Poetry's New Cathedral on the Hudson

Congratulations Poets House! As reported by Library Journal, the 24 year-old poetry library and education center has successfully moved from its cramped Soho digs to "a stunning new location in Battery Park City in lower Manhattan, in a LEED Gold-certified building, with huge windows overlooking the Hudson River." (For a more detailed description of the space, check out this NY Times article.) Their grand opening celebration took place over the weekend, while regular library and reading room hours recommenced today.

"Throughout its transformations, the heart of Poets House has remained its poetry collection," their website states. "With over 50,000 volumes of poetry—including books, journals, chapbooks, audio and video tapes, and digital media—our collection is among the most comprehensive, open-access collections of poetry in the United States and is the foundation for all our programs and services."

And speaking of programs and services, Poets House will host its annual Poetry in the Branches (PITB) National Institute the weekend of November 6-7. The PITB program works with NYC's public libraries to increase patron exposure to poetry via workshops, readings, improved collection development, and librarian training.

22 September 2009

A Branch Library Grows in Brooklyn

[Re-posted from Lower East Side Librarian]

A new alternative library grows in Brooklyn: the Branch Library in Clinton Hill is a project driven primarily by designers I believe, but they were respectful enough of the library profession to talk to some librarians, including the NYC Radical Reference collective.
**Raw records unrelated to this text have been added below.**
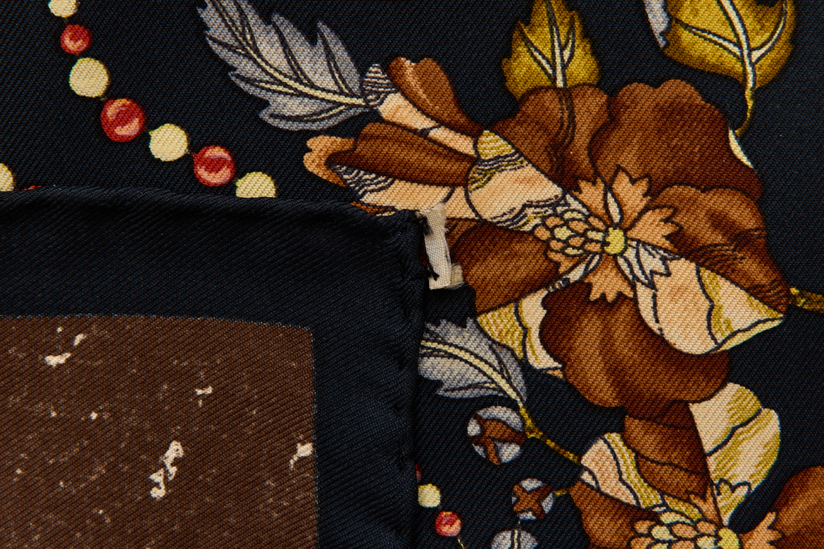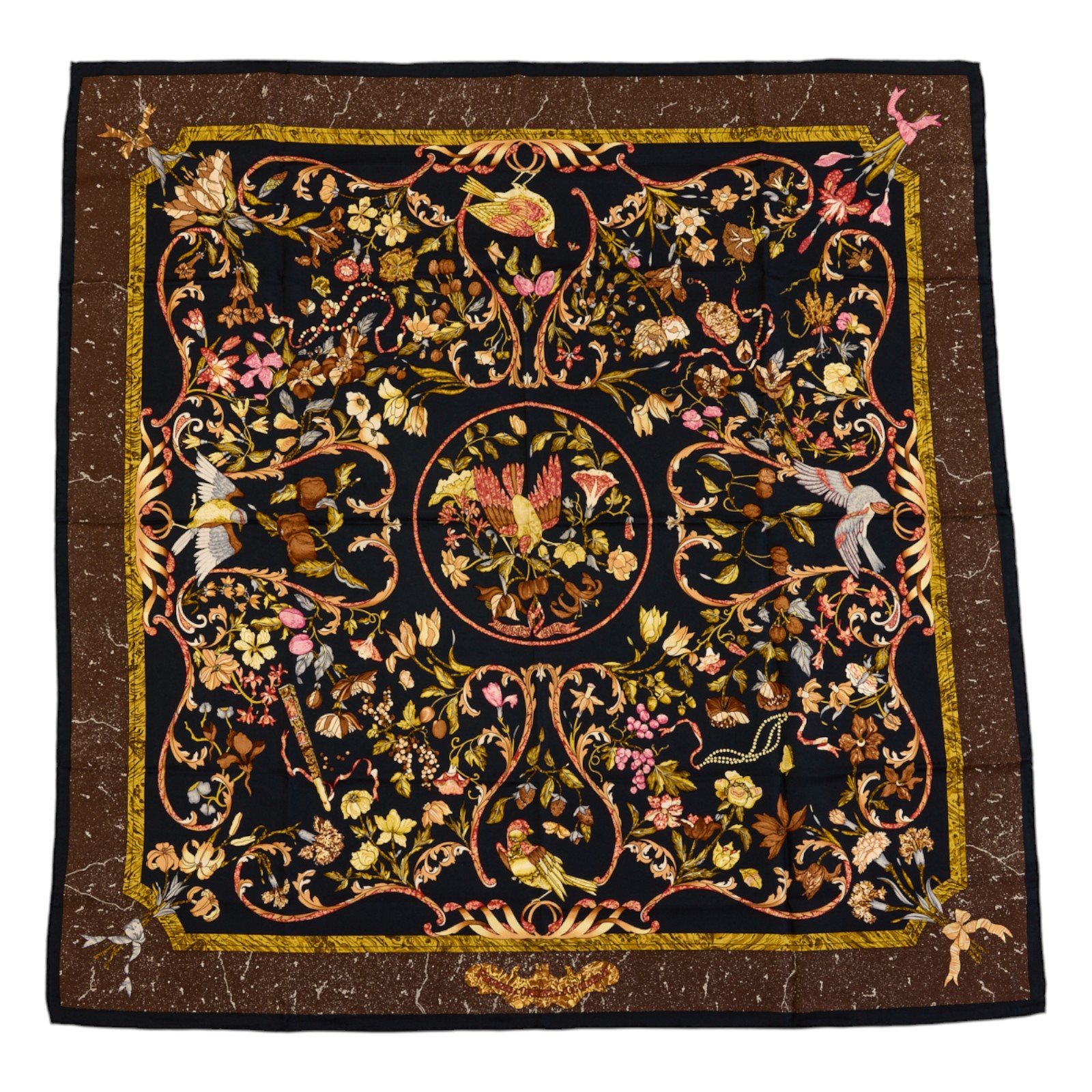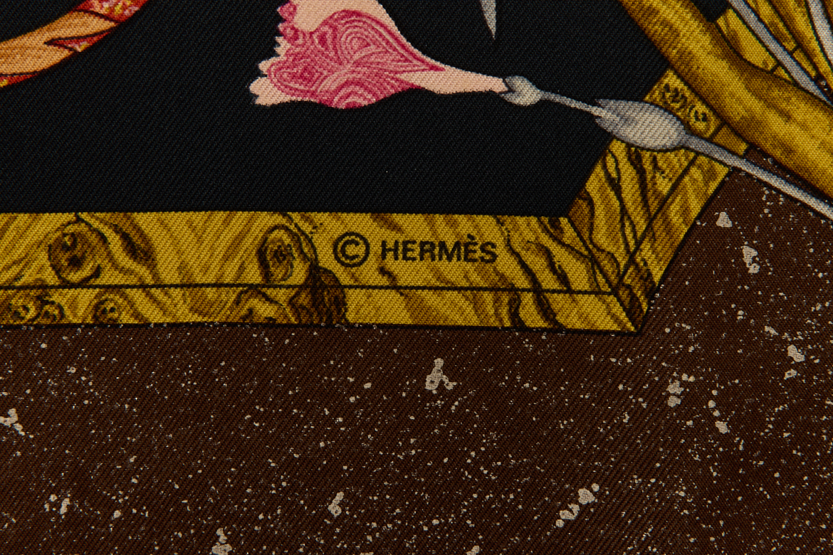Hermes Silk Scarf Carre 90 “Pierres d’Orient et d’Occident” Brown Silk Pleats Scarf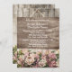 Cerca De Madeira com Rosa Pintado Convite De Casamento. O Wooden assina na cerca com o anúncio do casamento. A imagem da cerca continua atrás. Personalize este modelo com suas informações.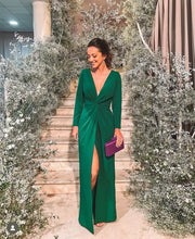 This glamorous prom dress features a sleek sheath silhouette, crafted from rich emerald green satin. It showcases a deep V-neckline with long fitted sleeves, a twisted waist detail to accentuate curves, a sultry high slit for graceful movement, and a hidden zipper back for a seamless fit. The sophisticated elegant design is perfect for prom nights, formal galas, and evening events.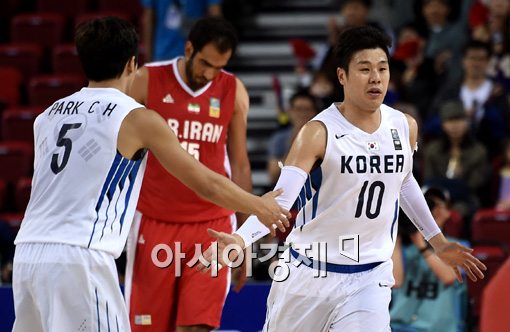 [인천=아시아경제 김현민 기자] 아시안게임 남자 농구대표팀 조성민이 3일 인천 삼산월드체육관에서 열린 이란과의 결승전에서 득점에 성공한 뒤 박찬희와 하이파이브하고 있다.
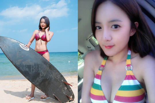 공개 된 사진 속 송은채는 스트라이프 패턴의 캐주얼 한 비키니로 귀엽고 산뜻한 매력을 더하는 동시에 아찔한 볼륨감을 선보였다. 특히, 동안 얼굴에 반전 몸매로 '베이글녀'로 각광받으며 네티즌들의 관심을 끌었다.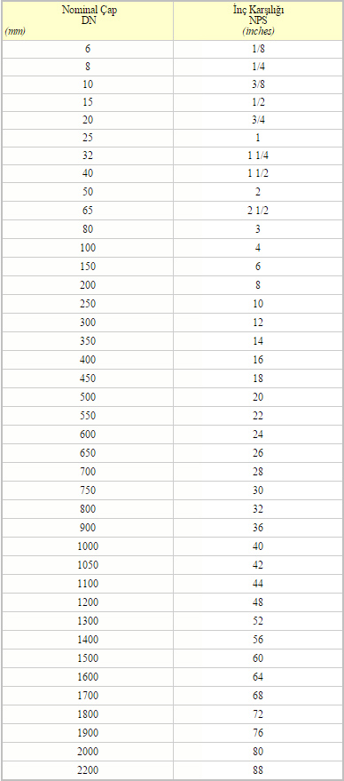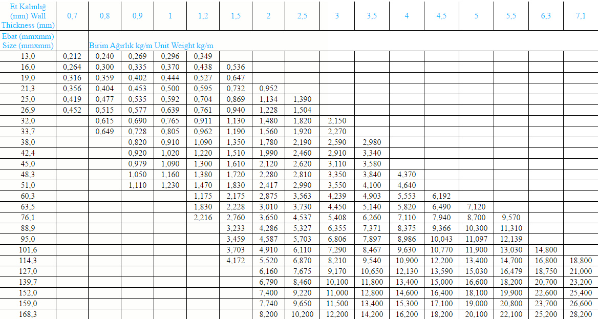 Dış çap: Q 13 mm. - 168,3 mm. , Et kalınlığı: 0,7 mm. - 7,1 mm.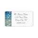 Medium size, custom address label decorated along the edge with crystal clear ocean water and a bunch of white starfish. Template text is black, handwritten script.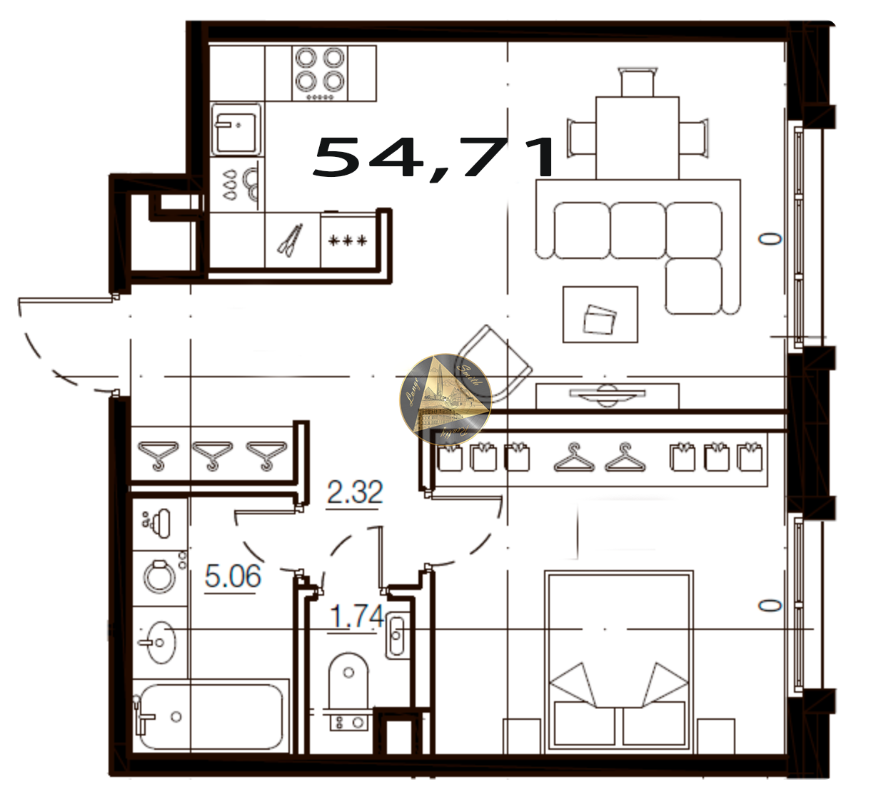Квартира находится на 9 / 9 этаже. Общая площадь квартиры 54,71 м2. Кухня 23.92 м2. Спальня 15.39 м2.  Санузел 5.06 + 1.74 м2.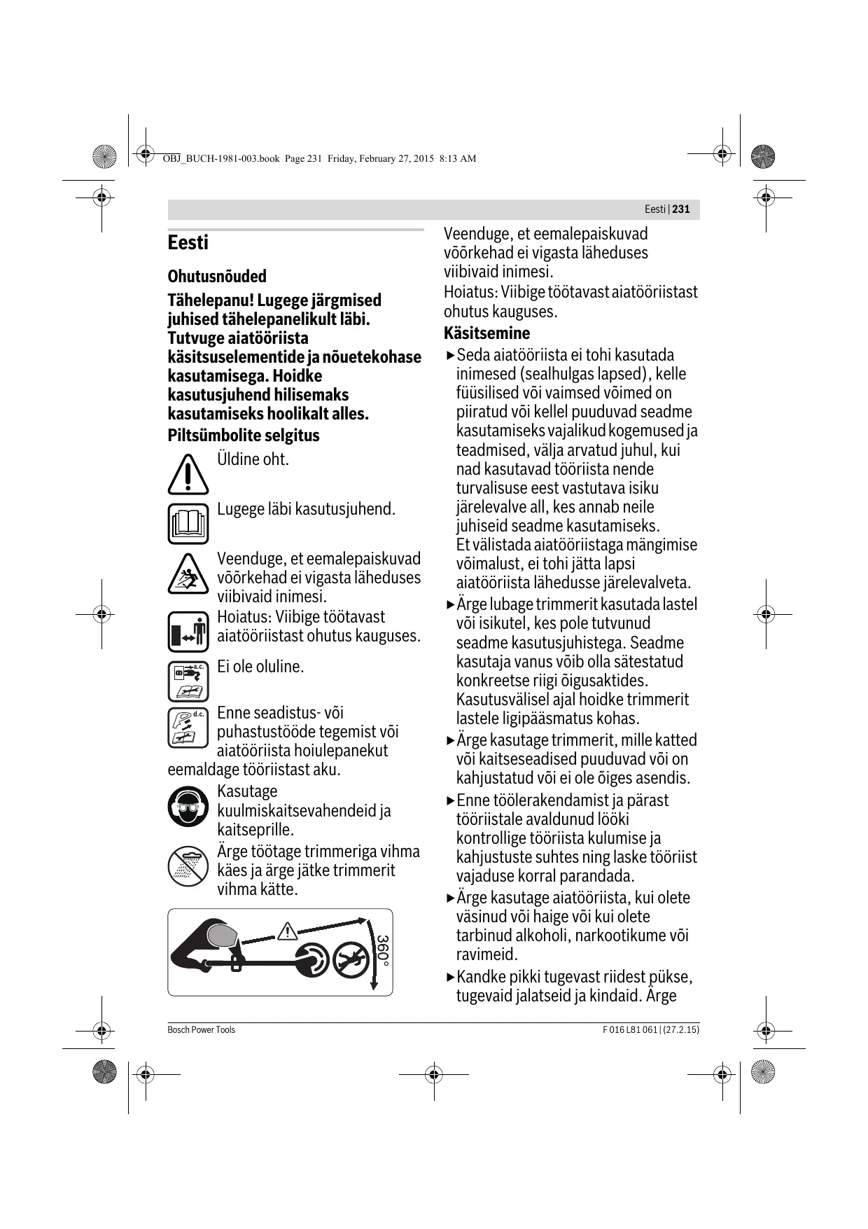 Proces punjenja počinje čim se mrežni utikač punjača utakne u utičnicu i aku-baterija nakon toga umetne u punjač . Inteligentnim postupcima punjenja se automatski prepoznaje stanje napunjenosti aku-baterije i ovisno od temperature akubaterije i napona, puni se sa optimalnom strujom punjenja. Na taj se način čuva aku-baterija i ostaje uvijek potpuno napunjena kod spremanja u punjaču. Napomena: Proces punjenja je moguć samo ako se temperatura aku-baterije nalazi u dopuštenom temperaturnom području punjenja, vidjeti poglavlje „Tehnički podaci“. Puštanje u rad Za vašu sigurnost Pažnja: Prije izvođenja radova podešavanja ili čišćenja isključite vrtni uređaj i izvadite aku-bateriju. Nakon isključivanja aku-šišača tratine, nož se okreće još nekoliko sekundi. Treba pričekati da se motor/nož zaustavi prije ponovnog uključivanja. Uređaj ne isključivati i uključivati uzastopno na kratko. Preporučuje se primjena od Bosch odobrenih reznih elemenata. S nekim drugim reznim elementima neće se postići očekivani rezultat rezanja. Punjenje aku-baterije Ne koristite neki drugi punjač. Isporučeni punjač je prilagođen je Li-ionskim aku-baterijama ugrađenim u vrtnom uređaju. Bosch Power Tools Treperavo svjetlo pokazivača punjenja akubaterije Proces punjenja se signalizira treperenjem pokazivača punjenja aku-baterije . Stalno svjetlo pokazivača punjenja aku-baterije Stalno svjetlo pokazivača punjenja aku-baterije signalizira da je akubaterija potpuno napunjena ili da je temperatura aku-baterije izvan dopuštenog područja temperature punjenja i zbog toga se ne može napuniti. Čim se dosegne dopušteno područje temperature, aku-baterija će se napuniti. Bez utaknute aku-baterije, stalno svjetlo pokazivača punjenja aku-baterije signalizira da je mrežni utikač utaknut i da je punjač pripravan za rad. F 016 L81 061 | (27.2.15) OBJ_BUCH-1981-003.book Page 230 Friday, February 27, 2015 8:13 AM 230 | Hrvatski Napomene uz punjenje Kod kontinuiranih, odnosno višekratno uzastopnih ciklusa punjenja bez prekida, punjač bi se mogao zagrijati. To nije štetno i ne ukazuje na tehničku neispravnost punjača. Bitno skraćenje vremena rada nakon punjenja pokazuje da je aku-baterija istrošena i da je treba zamijeniti. Traženje greške d.c. Simptomi Mogući uzroci Pomoć Štitnik se ne može povući preko Pogrešna montaža tanjurastog reznog diska Uklanjanje reznog diska i ponovna montaža štitnika Šišač tratine ne radi Ispražnjena aku-baterija Napuniti aku-bateriju. Vidjeti i upute za punjenje Aku-baterija je suviše hladna/suviše topla Zagrijati aku-bateriju/ostaviti da se ohladi Neispravno unutarnje ožičenje vrtnog uređaja Zatražiti pomoć ovlaštenog servisa Šišač tratine radi sa prekidima Neispravan prekidač za uključivanje/isključivanje Zatražiti pomoć ovlaštenog servisa Vrtni uređaj je preopterećen Previsoka trava Rezati u stupnjevima Vrtni uređaj ne reže Nož je oštećen Zamjena noža Pojačane vibracije Nož je oštećen Zamjena noža Servisiranje i savjetovanje o primjeni Zbrinjavanje www.bosch-garden.com Kod svih upita i naručivanja rezervnih dijelova molimo neizostavno navedite 10-znamenkasti kataloški broj sa tipske pločice vrtnog uređaja. Vrtne uređaje, punjače i aku-bateriju/baterije ne bacajte u kućni otpad! Samo za zemlje EU: Prema Europskim smjernicama 2012/19/EU, neuporabivi električni i elektronički uređaji i prema Smjernicama 2006/66/EC neispravne ili istrošene aku-baterije/baterije moraju se odvojeno sakupljati i dovesti na ekološki prihvatljivo recikliranje. Aku-baterije/baterije: Li-Ion: Molimo pridržavajte se napomena u odjeljku „Transport“. Hrvatski Robert Bosch d.o.o Kneza Branimira 22 10040 Zagreb Tel.: (01) 2958051 Fax: (01) 2958050 Transport Li-ionske aku-baterije ugrađene u električnom alatu podliježu zakonu o transportu opasnih tvari. Aku-baterije korisnik može bez ikakvih preduvjeta transportirati cestovnim transportom. Ako transport obavlja treća strana (npr. transport zrakoplovom ili špedicijom), treba se pridržavati posebnih zahtjeva obzirom na ambalažu i označavanje. Kod pripreme ovakvih pošiljki za transport prethodno se treba savjetovati sa stručnjakom za transport opasnih tvari. Zadržavamo pravo na promjene. Aku-bateriju šaljite nekim transportnim sredstvom samo ako je njeno kućište neoštećeno. Oblijepite otvorene kontakte i zapakirajte aku-bateriju tako da se ne može pomicati u ambalaži. Molimo pridržavajte se i eventualnih dodatnih nacionalnih propisa. F 016 L81 061 | (27.2.15) Bosch Power Tools OBJ_BUCH-1981-003.book Page 231 Friday, February 27, 2015 8:13 AM Eesti | 231 Eesti Ohutusnõuded Tähelepanu! Lugege järgmised juhised tähelepanelikult läbi. Tutvuge aiatööriista käsitsuselementide ja nõuetekohase kasutamisega. Hoidke kasutusjuhend hilisemaks kasutamiseks hoolikalt alles. Piltsümbolite selgitus Üldine oht. Lugege läbi kasutusjuhend. Veenduge, et eemalepaiskuvad võõrkehad ei vigasta läheduses viibivaid inimesi. Hoiatus: Viibige töötavast aiatööriistast ohutus kauguses. a.c. Ei ole oluline. Enne seadistus- või puhastustööde tegemist või aiatööriista hoiulepanekut eemaldage tööriistast aku. Kasutage kuulmiskaitsevahendeid ja kaitseprille. Ärge töötage trimmeriga vihma käes ja ärge jätke trimmerit vihma kätte. d.c. Bosch Power Tools Veenduge, et eemalepaiskuvad võõrkehad ei vigasta läheduses viibivaid inimesi. Hoiatus: Viibige töötavast aiatööriistast ohutus kauguses. Käsitsemine Seda aiatööriista ei tohi kasutada inimesed (sealhulgas lapsed), kelle füüsilised või vaimsed võimed on piiratud või kellel puuduvad seadme kasutamiseks vajalikud kogemused ja teadmised, välja arvatud juhul, kui nad kasutavad tööriista nende turvalisuse eest vastutava isiku järelevalve all, kes annab neile juhiseid seadme kasutamiseks. Et välistada aiatööriistaga mängimise võimalust, ei tohi jätta lapsi aiatööriista läheduss

They'll be open the next 8 Sundays (and they hope beyond) from 1-5 in an unused parking lot on the corner of Myrtle and Clinton.

It may be some librarians' immediate reaction to be defensive, critical, or even angry at these amateur upstarts, but I think we'd be smarter to embrace, encourage, and advise them (when asked). I love their community centric approach. Jerome Chou, one of the group's core members, described how they're letting patrons design the library at our last Rad Ref meeting.

...

Click to continue reading Jenna's post!

...

And if you'd like to volunteer or donate supplies (and books!), please contact Jerome at librarybranch@gmail.com.

15 September 2009

Mid-Manhattan Gets Caffeinated

Check out these pics of Mid-Manhattan Library, taken over by Tim Hortons yesterday. It's corporate sponsorship gone wild! Here's my fave:

[Photo by Don Pollard]

14 September 2009

NYPL Announces Longer Hours and Free Timbits (Today!)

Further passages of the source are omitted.